Well, they are some light, fluffy, cheesy and savory rolls of bread which would make wonders for the weekend breakfast. But I didn’t know that these round-shaped pieces of bread I made are called angel biscuits beforehand. When it came to title this post, it turned to be an enormous question mark. I could have just told you that these are homemade pogacas as they are widely referred to in Turkey but I wanted to find the corresponding word in other cuisines. So, I started to read on different types of bread, biscuits and scones and the regional variations. I was amazed and puzzled by the result. The names, ingredients and also the way people in different countries make them differ a great deal. After reading some time, I reached the following conclusions (I know it sounds quite academic to put it this way):

  • Since my recipe results in round-shaped pieces of bread with a browned crust and a soft interior, they resemble British scones or all biscuits in the United States in appearance.
  • A biscuit, as widely used in popular American English, is made with baking powder or baking soda as a leavening agent. However, I used yeast instead.That’s why, they cannot be referred to as "quick breads," as are biscuits often collectively referred to because they need time to rise before baking. So, they are similar to "angel biscuit" which utilizes yeast, a touch of sugar, and buttermilk.
  • In traditional biscuit doughs butter or shortening is cut into the dry ingredients but the fat in these rolls comes from vegetable oil and milk.
  • Also, while scones are served with coffee and tea or as a dessert, biscuits are served more as a bread, often with breakfast. In this sense, my recipe would serve much more as biscuits.
  • Traditional scone dough is refrigerated for at least 2 hours before it is cut into rounds but you don't have to refrigerate the dough.
  • They are similar to "cheese biscuits" in the way I added cheese but instead of adding the cheese directly to the dough, I wrapped a little of cheese in each ball. This recipe uses fresh ricotta, but use any cheese you like, from gruyere to parmesan.

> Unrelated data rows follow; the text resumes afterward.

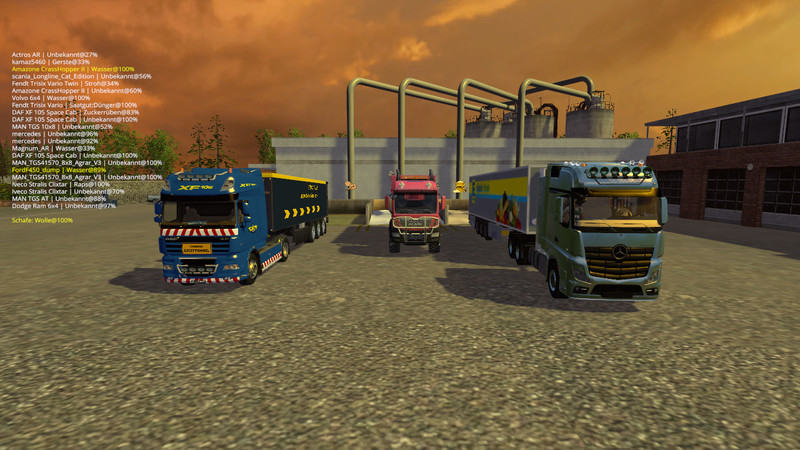 Mixer Factory: production of compound feed by 1. bran, grass and water or 2.Kleie, grains Meis and water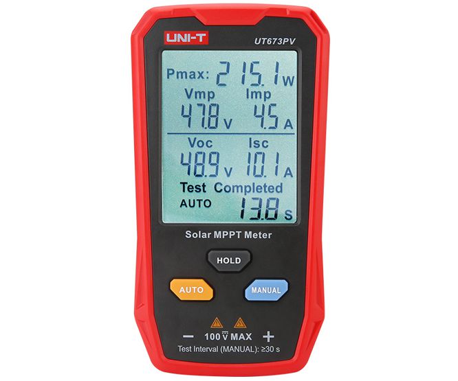 MEASURES : MPPT / MAXIMUM POWER, PEAK POWER VOLTAGE AND CURRENT, OPEN CIRCUIT VOLTAGE, AND SHORT CIRCUIT CURRENT. 800W, 60V MAX. WITH MC4 TEST LEADS.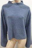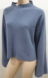 CHLOE Pale Powder Blue Wool Ribbed Button Flare Cuff Jumper Sweater Top M/L
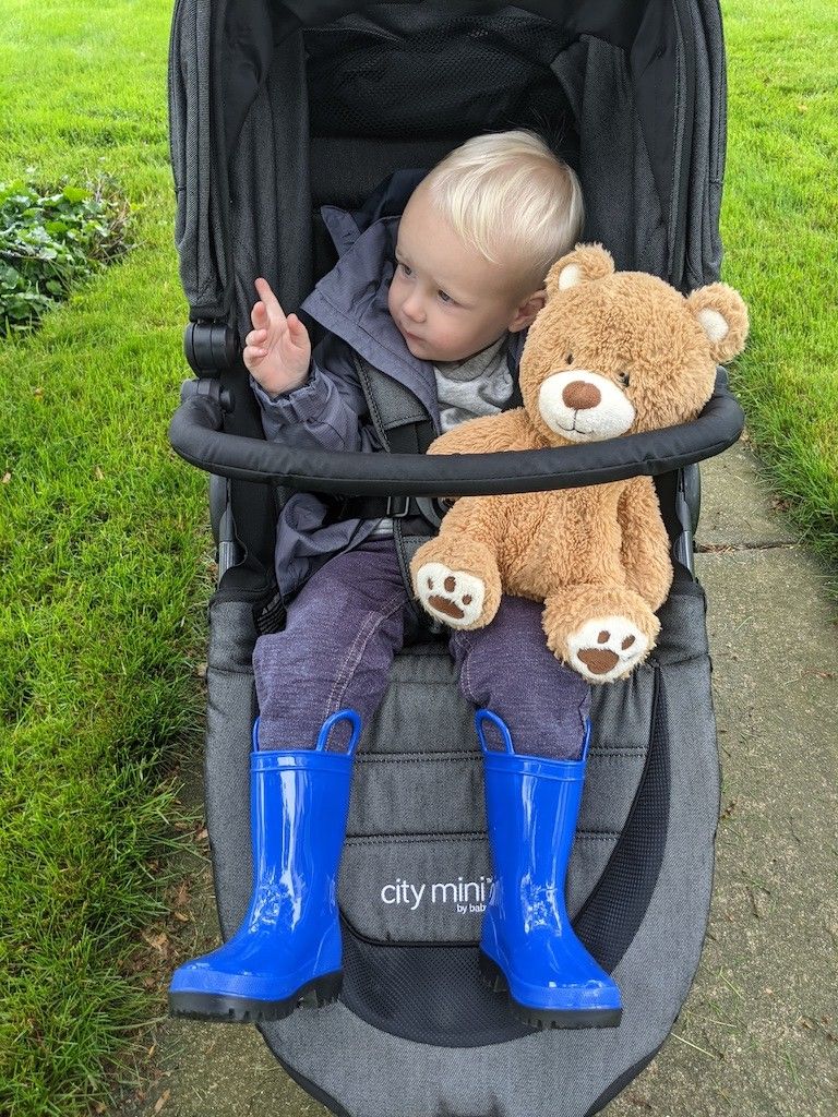 Dressing for a walk in the rain, and a bear companion.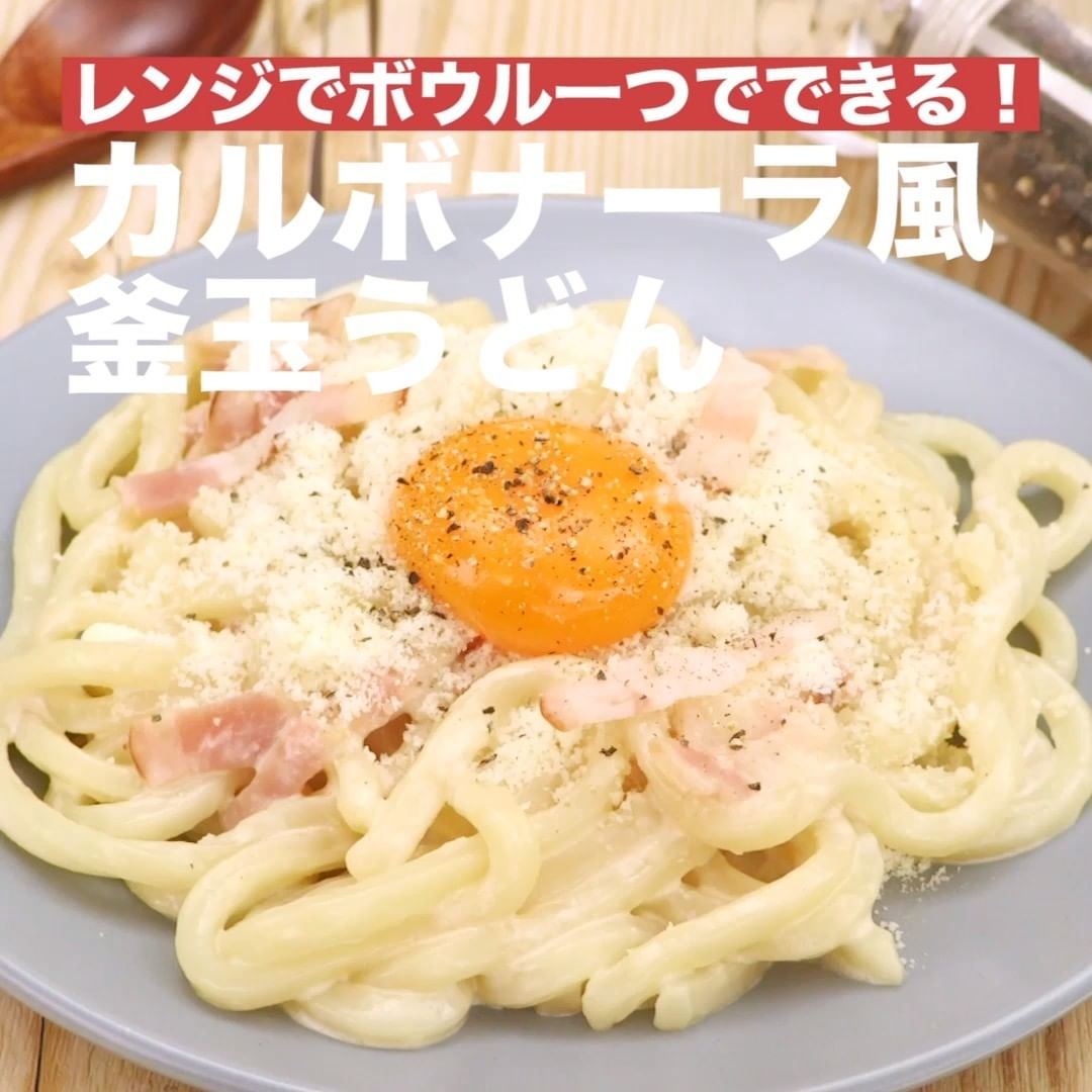 ④<レンジでボウル一つでできる!カルボナーラ風釜玉うどん>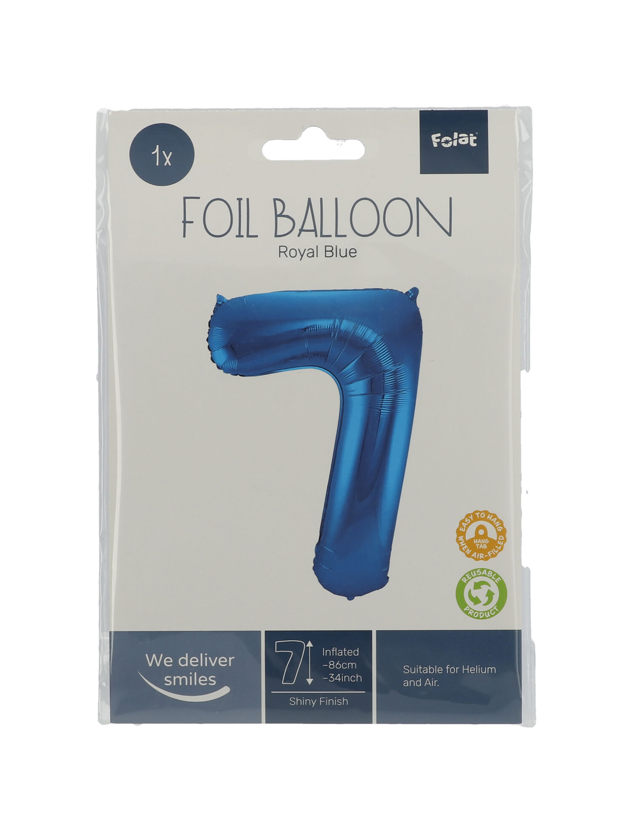Der perfekte Helium-Luftballon für jeden 7., 70. oder 77. Geburtstag! Ob am Jubiläum, zur Gnadenhochzeit oder anderen Anlässen, setze die Zahl mit einer beliebigen Zahl zusammen. Dieser Folienballon in metallicfarbener Optik lässt sich mit Ballon Gas Flaschen oder Luft befüllen und passt perfekt zu allen anderen Zahlen. Durch die vielen Ösen lässt er sich mit Hilfe von Ballonband ganz einfach mit beliebigen Zahlen verbinden.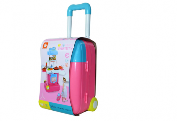 Այս հարմարավետ և գունեղ ճամպրուկով խոհանոցը կատարյալ նվեր է փոքրիկ խոհարարների համար։ Այն հեշտությամբ փոխակերպվում է ճամպրուկից լիարժեք խոհանոց՝ ներառելով բոլոր անհրաժեշտ պարագաները՝ տապակ, կաթսա, սպասք և սննդի մոդելներ։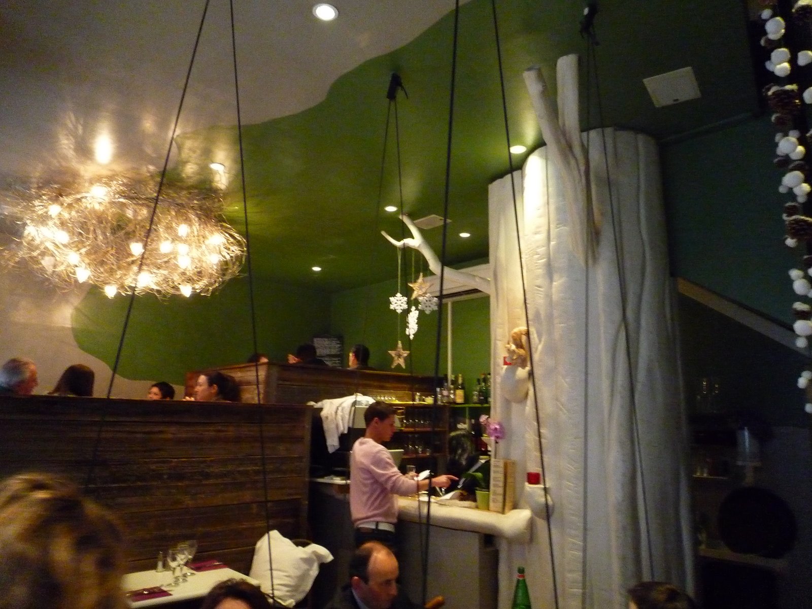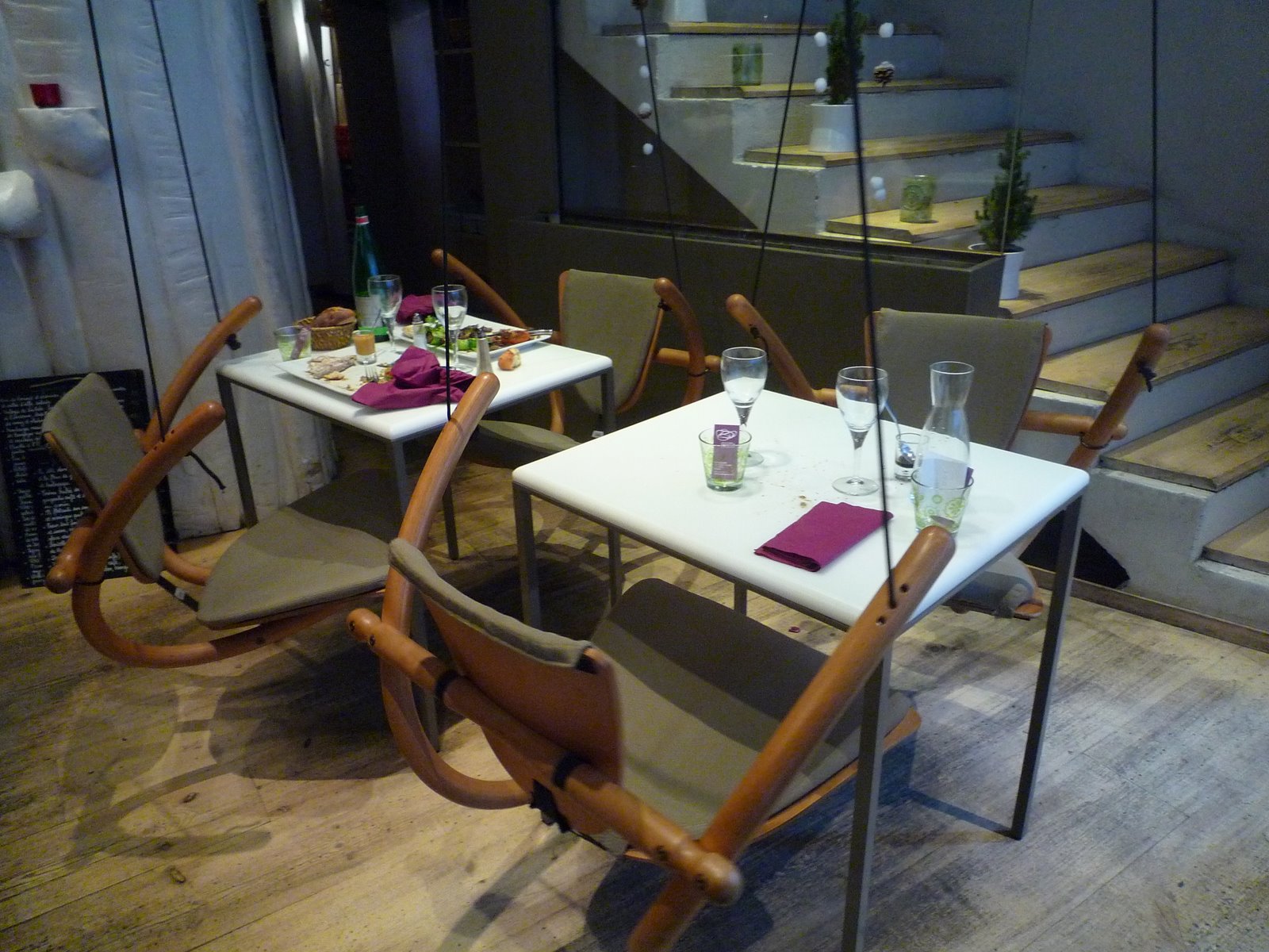 – la déco qui consiste en fait en un pauvre faux arbre planté près du comptoir de l’accueil, quelques parois de planches et des balancelles hyper mal placées, juste entre la porte et le comptoir, pile sur le chemin des serveurs et des clients qui arrivent ou repartent.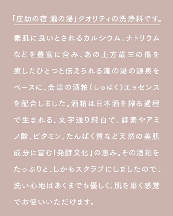 酒粕、瀧の湯温泉水、オトギリソウエキス、カミツレエキス、フユボダイジュエキス、トウキンセンカエキス、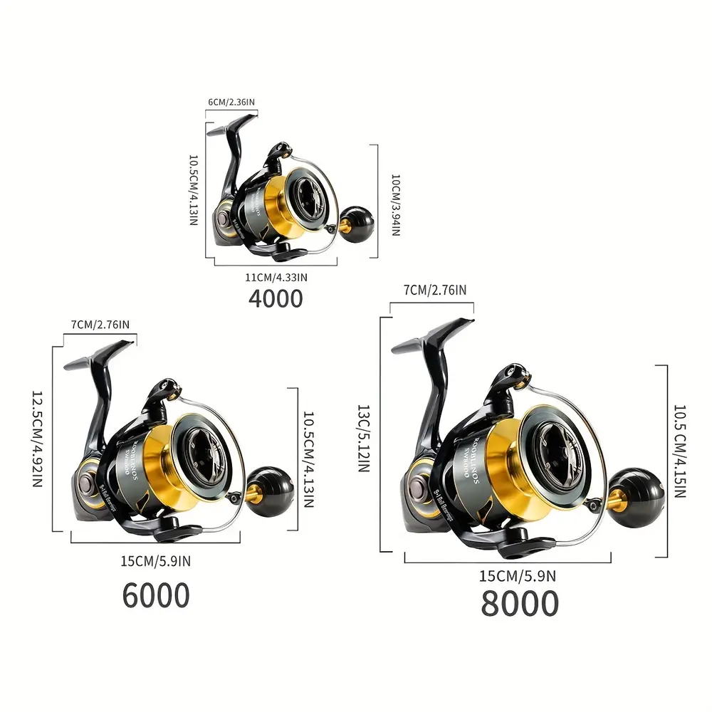 - Compatible avec les pêches côtières et en haute mer, ce moulinet spinning multisérie 4000/6000/8000 offre une forte polyvalence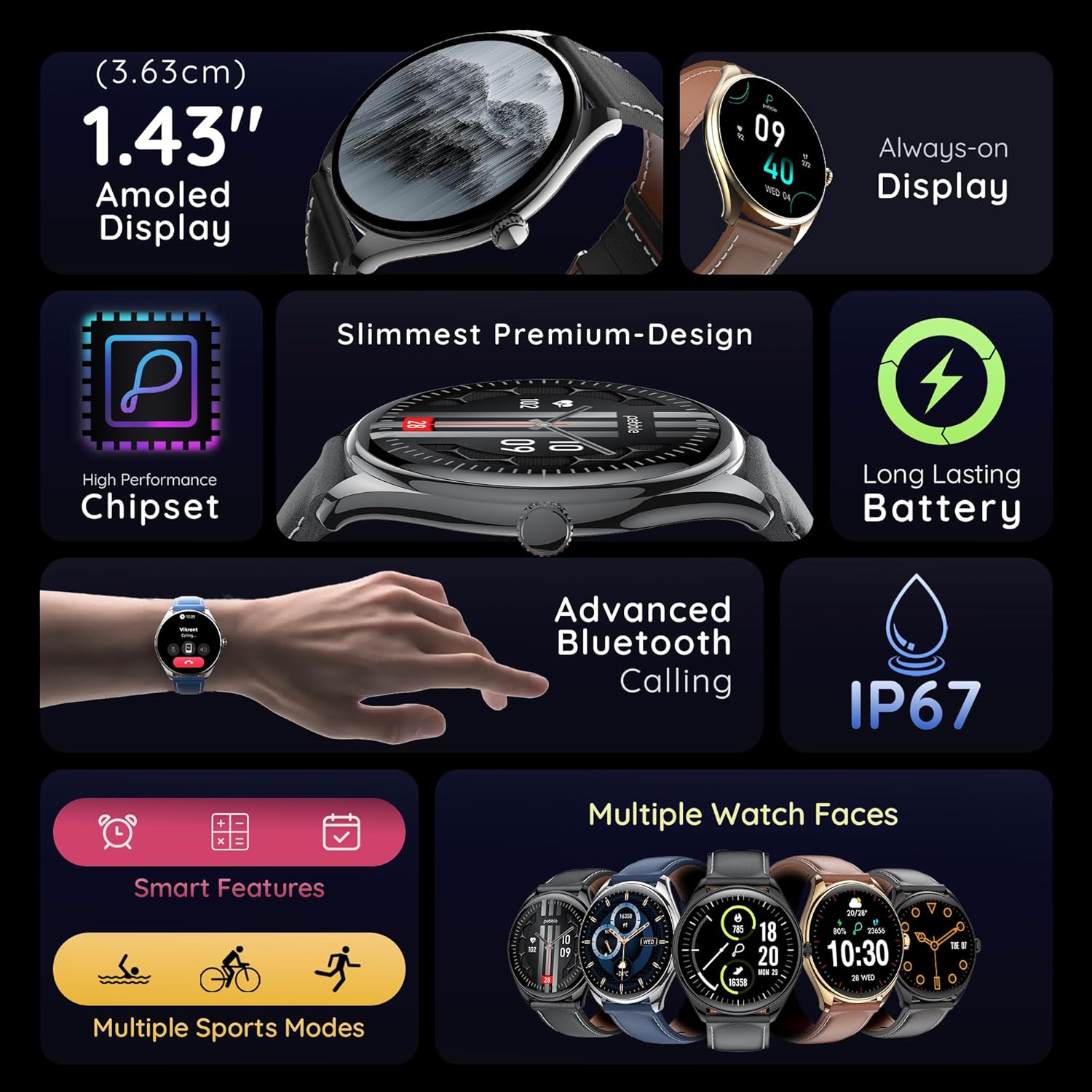 • 1.43″ AMOLED Display – Ultra-clear visuals with vibrant colors and sharp contrast.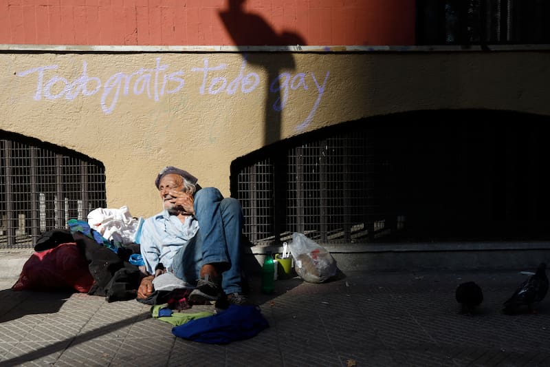 Sobre una pequeña frazada, en la Plaza de los Libros, justo en la intersección de las calles Marcoleta, Lira y Diagonal Paraguay, a metros del Hospital de la UC, Manuel Serna Gómez (89) aparece como el único ocupante del lugar. Lleva poco más de un año viviendo en la calle, arrastrado por la imposibilidad de pagar un arriendo y comer, pues su pensión, asegura, es de $ 188.000.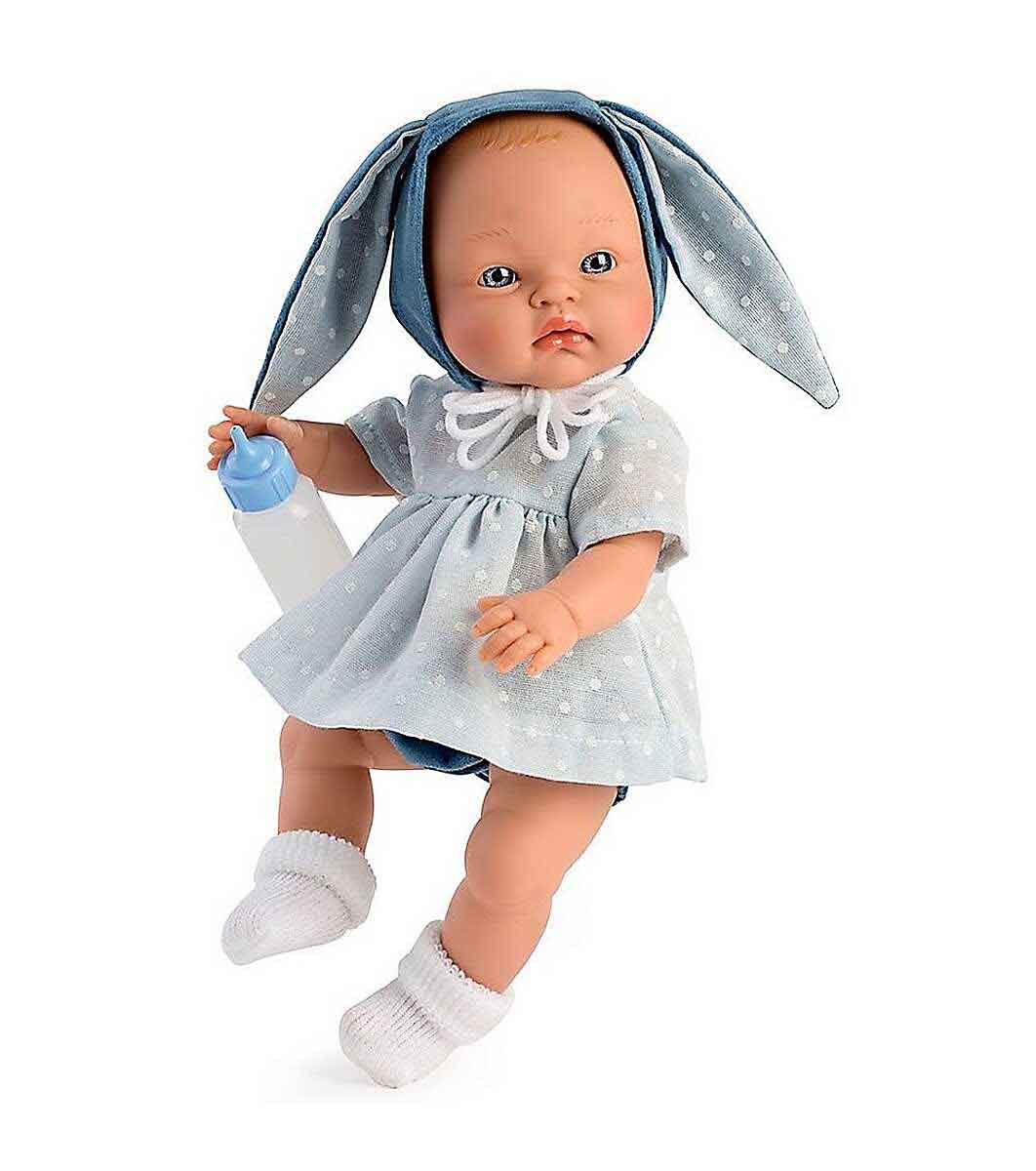 Ea poartă o rochie albastră, șosete și o pălărie de iepuraș. Are propria suzetă pe care o poți pune în gură.

  • I didn't roll out the dough flat and cut it into rounds as they do for scones or biscuits. Instead, I took small pieces from the dough and rolled over each lump into mini balls and placed them into muffin liners.
  • Herbs like parsley or chives make a nice addition as well. Sesame, black cumin seeds or even poppy seeds may garnish the top.
  • 1 scant tablespoon sugar
  • 2 teaspoons salt
  • active dry yeast (1 scant tablespoon)
  • ¾ cup warm milk
  • ¼ cup mineral water
  • ¾ cup vegetable shortening. 1 cup butter, melted and cooled may be substituted.
  • 4 cups all-purpose flour, feel free to add more gradually while kneading if you think the dough is too sticky.
  • 1 ½ cup fresh ricotta
  • 1 egg yolk
  • sesame and black cumin seeds
  1. Dissolve yeast in lukewarm milk with sugar, salt and mineral water. Let stand until creamy looking about 5 minutes. Add the shortening. Make sure all you've had the ingredients at room temperature.
  2. In a large bowl, stir milk, yeast and oil mixture into the flour. Keep adding extra flour if necessary. When a non-sticky dough forms, cover with a damp towel or lightly with plastic wrap and allow to rise in a warm, draft-free place until doubled in bulk, or about 45 minutes.
  3. Preheat oven to 180°C.
  4. Break off small lumps of dough and pat lightly into flattened circles of a 1/2-inch thickness. Put a teaspoon of cheese on each and close them up folding the edges upwards like a bundle. Roll over a few times until the folded sides are at the bottom forming a ball. Place each into a muffin liner or on baking sheet about 1 inch apart.
  5. Beat the egg yolk and coat each roll with it using a brush. Garnish with sesame and black cumin seeds. Bake until golden on top 15 to 20 minutes. Remove from oven, and transfer to a wire rack to cool. Serve warm.